I think we have utility methods for getting chains on the Felix object.

For example felix.IPTablesChains(table) ...

fasaxc · 2024-11-08T10:07:13Z

felix/fv/pre_dnat_test.go

+						// The number of cali rules in the dumped tables should increase by the same delta as the metrics
+						Eventually(dumpMangleTable).Should(HaveLen(len(baselineMangleTableIptablesSave) + mangleRulesMetricDelta))
+						Eventually(dumpFilterTable).Should(HaveLen(len(baselineFilterTableIptablesSave) + filterRulesMetricDelta))
+					})


I recommend doing some more steps after this:

Change the type of the policy from pre-DNAT to normal. That's the most fiddly change to handle since it goes from referenced in one table to referenced in the other.

Delete the policy, should go back to the count with the hep.

Delete the hep, should get back to the base count.

fasaxc · 2024-11-08T10:14:00Z

felix/fv/pre_dnat_test.go

+					// Returns nil when the value of f() hasn't changed for the duration settledPeriod.
+					// Returns error if f() never settles up to the timeout.
+					// Immediately returns error if timeout is lower than settledPeriod.
+					waitToSettle := func(f func() int, settledPeriod, timeout time.Duration) error {


As discussed on slack, would prefer not to rely on settling, if there's something explicit that we can wait for.

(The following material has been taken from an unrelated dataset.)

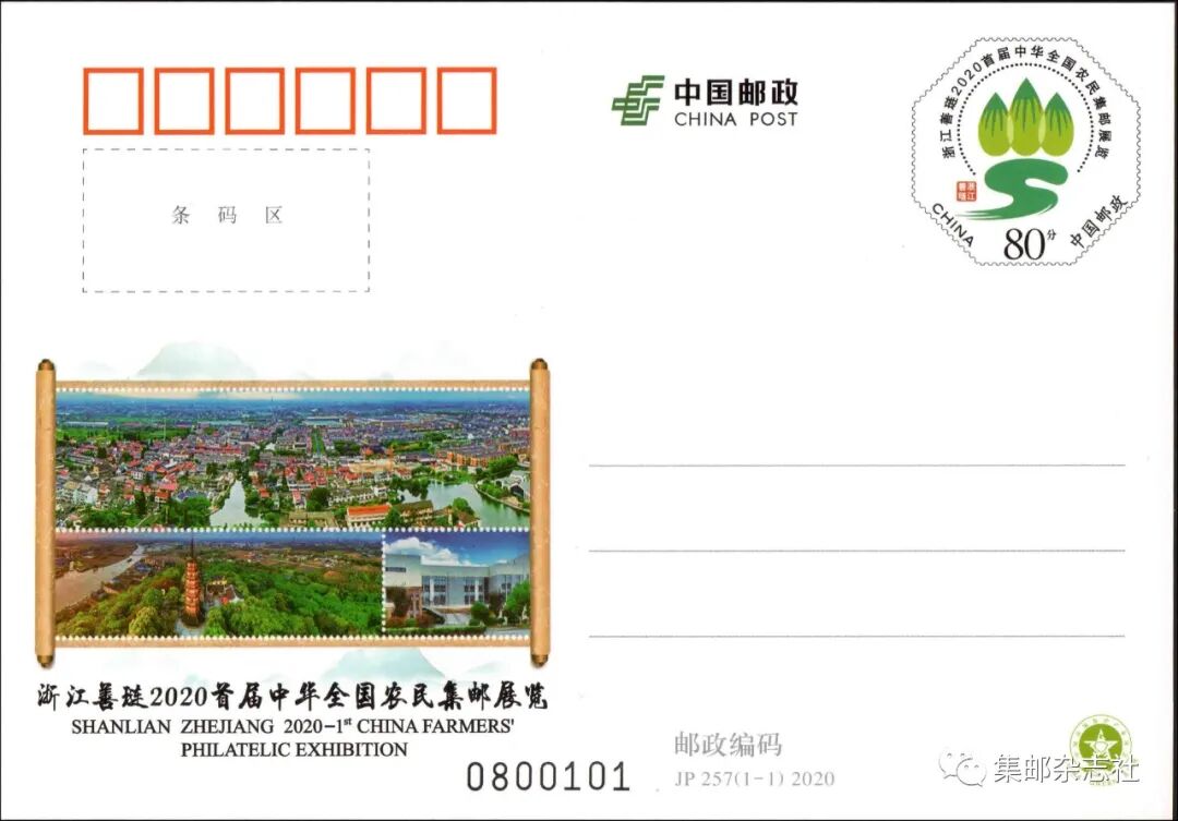 中国邮政定于2020年10月31日发行《浙江善琏2020首届中华全国农民集邮展览》纪念邮资明信片一套1枚。详情如下:

It's not a bad approach, it's just a bit slow (and if it flakes, you have to bump the settled timeout so it gets slower...)

If we do go down this path, I suggest making it a general utility method. Kubernetes has a wait package with similar utility funcs in it.

fasaxc · 2024-11-08T10:16:08Z

felix/fv/pre_dnat_test.go

+								return errors.New("Timed out waiting for IPTables to settle.")
+							default:
+								last = cur
+								time.Sleep(1 * time.Second)


I typically reach for 100ms for a sleep loop. We don't want to tight loop but probing 1x per second isn't normally a big deal.

fasaxc · 2024-11-08T10:33:07Z

felix/fv/pre_dnat_test.go

+									settledTimer = nil
+								} else {
+									select {
+									case <-settledTimer.C:


With the way you're using the settledTimer, you're not actually using it as a timer at all! You only select on it in a non-blocking way. I think this code would be clearer if you just recorded the time since the last change and did

last := f() lastChange := time.Now() for { cur := f() if cur != last { lastChange := time.Now() } last = cur if time.Since(lastChange) > settledPeriod { // we're done } ... }

fasaxc · 2024-11-08T10:39:53Z

felix/fv/pre_dnat_test.go

+								}
+							}
+							select {
+							case <-timeoutTimer.C:


Using a sleep and a timeout channel is slightly mixing paradigms. While you''re asleep you're not checking the timeout channel, which could be a bug (or not matter at all). In this case, it means that, if you just miss a timeout, it'll be >1s before you check the timeout again and you'll do an extra poll of f(); not clear if that was intended (it probably doesn't matter for this use case).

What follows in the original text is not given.